The constant aim is to correlate the <…> and industrial training that the student cannot get one without the other; hence the students go to school one day and the next day works at his trade and skill to accommodate all, the school is operated day and night. You never find an idler in Tuskegee, every hour must be accounted for. There is a great demand for the “Tuskegee graduates. A position awaits them and as soon as they receive their diplomas they are placed at the head of some enterprise.

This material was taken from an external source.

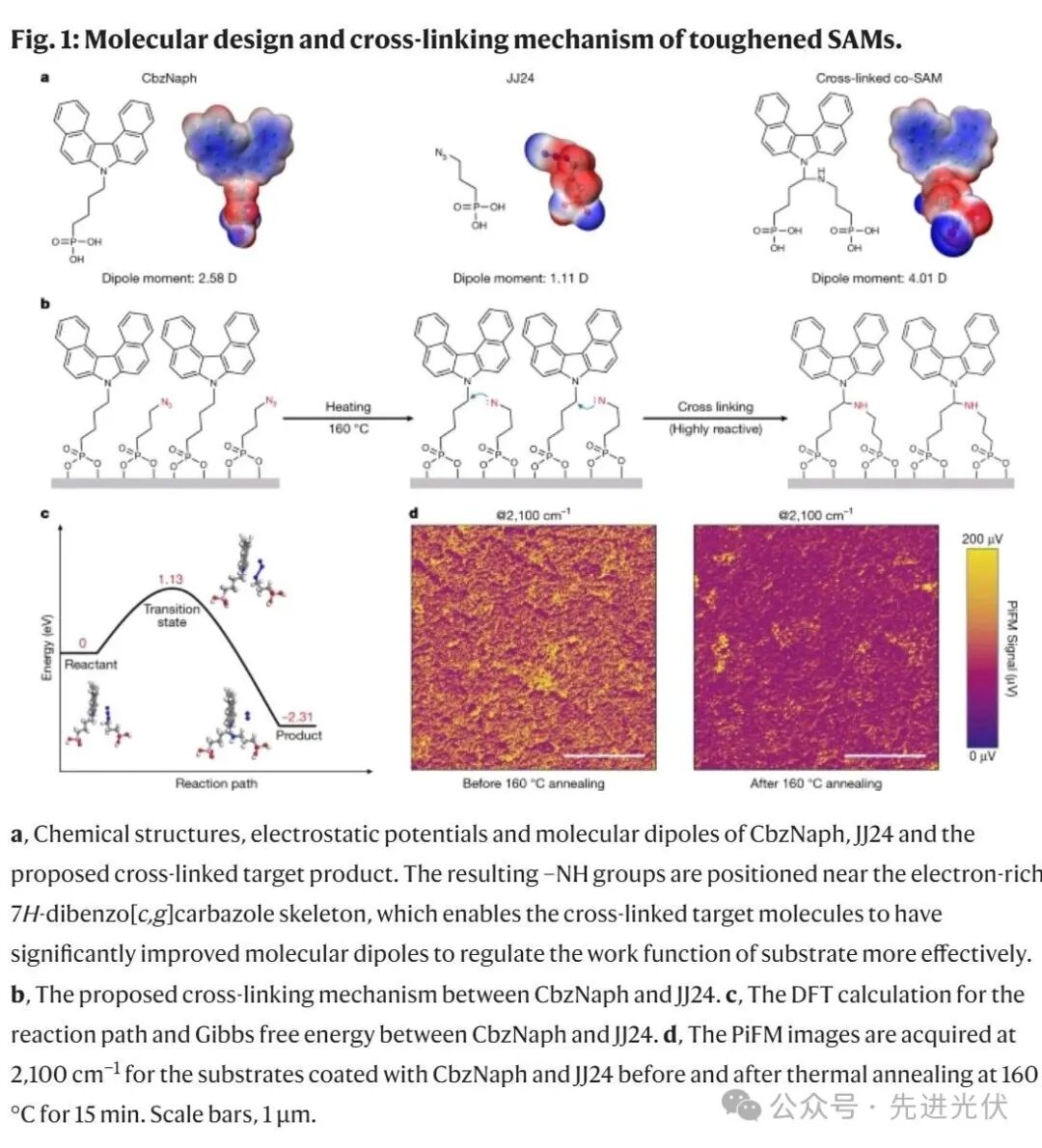 交联型自组装单分子层(SAM)分子JJ24具有一个叠氮基团、一个丙基连接器和一个磷酸锚定基团。尽管有机叠氮化合物可能存在安全隐患,JJ24符合安全标准(六规则)并在长期储存过程中保持相对稳定。通过热激活,叠氮基团转化为氮烯,使JJ24能够与宿主分子CbzNaph的烷基连接器共价交联。JJ24上的磷酸基团使其可以与常见的基于磷酸的SAM分子共沉积,因为它们具有相似的pKa值。JJ24的线性丙基连接器设计比宿主分子CbzNaph的丁基连接器要短,这样不仅能够填充空隙,还能增强SAM分子之间的范德华相互作用,同时确保氮烯与CbzNaph头基旁边的sp3碳原子发生理想的拓扑交联。热重分析显示,叠氮分解的起始温度为148°C,这是叠氮释放氮气形成氮烯的温度。密度泛函理论(DFT)计算确认了该反应的吉布斯自由能为-2.31 eV,具有适中的能量屏障(1.13 eV)。重要的是,交联后的共自组装单分子层(co-SAM)表现出增强的分子偶极矩(4.01 D,相较于原始CbzNaph的2.58 D),能够有效调节基底的功函数。

The Tuskegee school opened about twenty-five years ago in a rented house with thirty pupils; today the total value of property, equipment and endowment is about $2,075,000 with an annual payroll of $102,152.03 for teachers’ salary and current expenses. Tuskegee is not only a great manufacturing school, but is is the great money center, and it is the magnet that has attracted the wealthiest and best people of the land. At the head of this institution stands Prof. Booker T. Washington, who has made the school the greatest normal and industrial institution of the age, and year by year he and the school have increased in popularity and usefulness, and before them stand today a vast multitude of people anxious for a continuance of this great work.